Extensive mechanical and design details of an apparatus should not be included in the abstract. The abstract should be in narrative form and generally limited to a single paragraph within the range of 50 to 150 words in length.
See MPEP § 608.01(b) for guidelines for the preparation of patent abstracts.
Claim Rejections - 35 USC § 112
Claim Interpretation
The following is a quotation of 35 U.S.C. 112(f):
(f) Element in Claim for a Combination. - An element in a claim for a combination may be expressed as a means or step for performing a specified function without the recital of structure, material, or acts in support thereof, and such claim shall be construed to cover the corresponding structure, material, or acts described in the specification and equivalents thereof.

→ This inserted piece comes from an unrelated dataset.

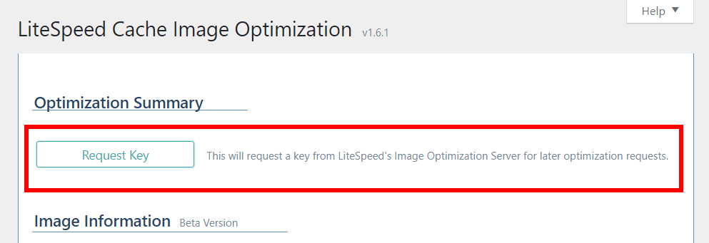The first time you visit this page, you will see a button that reads Request Key. Press the button to obtain a key from the central server that it will use to process all of your future image optimization requests. Once the key is obtained, your screen should look like the one shown below, and your API key will be listed (although most of it will be blocked out for security purposes).

The following is a quotation of pre-AIA 35 U.S.C. 112, sixth paragraph:
An element in a claim for a combination may be expressed as a means or step for performing a specified function without the recital of structure, material, or acts in support thereof, and such claim shall be construed to cover the corresponding structure, material, or acts described in the specification and equivalents thereof.
Use of the word “means” (or “step for”) in a claim with functional language creates a rebuttable presumption that the claim element is to be treated in accordance with 35 U.S.C.112(f) (pre-AIA 35 U.S.C. 112, sixth paragraph). The presumption that 35 U.S.C. 112(f) (pre-AIA 35 U.S.C. 112, sixth paragraph) is invoked is rebutted when the function is recited with sufficient structure, material, or acts within the claim itself to entirely perform the recited function.
Absence of the word “means” (or “step for”) in a claim creates a rebuttable presumption that the claim element is not to be treated in accordance with 35 U.S.C. 112(f) (pre-AIA 35 U.S.C. 112, sixth paragraph). The presumption that 35 U.S.C. 112(f) (pre-AIA 35 U.S.C. 112, sixth paragraph) is not invoked is rebutted when the claim element recites function but fails to recite sufficiently definite structure, material or acts to perform that function.
Claim elements in this application that use the word “means” (or “step for”) are presumed to invoke 35 U.S.C. 112(f) except as otherwise indicated in an Office action. Similarly, claim elements that do not use the word “means” (or “step for”) are presumed not to invoke 35 U.S.C. 112(f) except as otherwise indicated in an Office action.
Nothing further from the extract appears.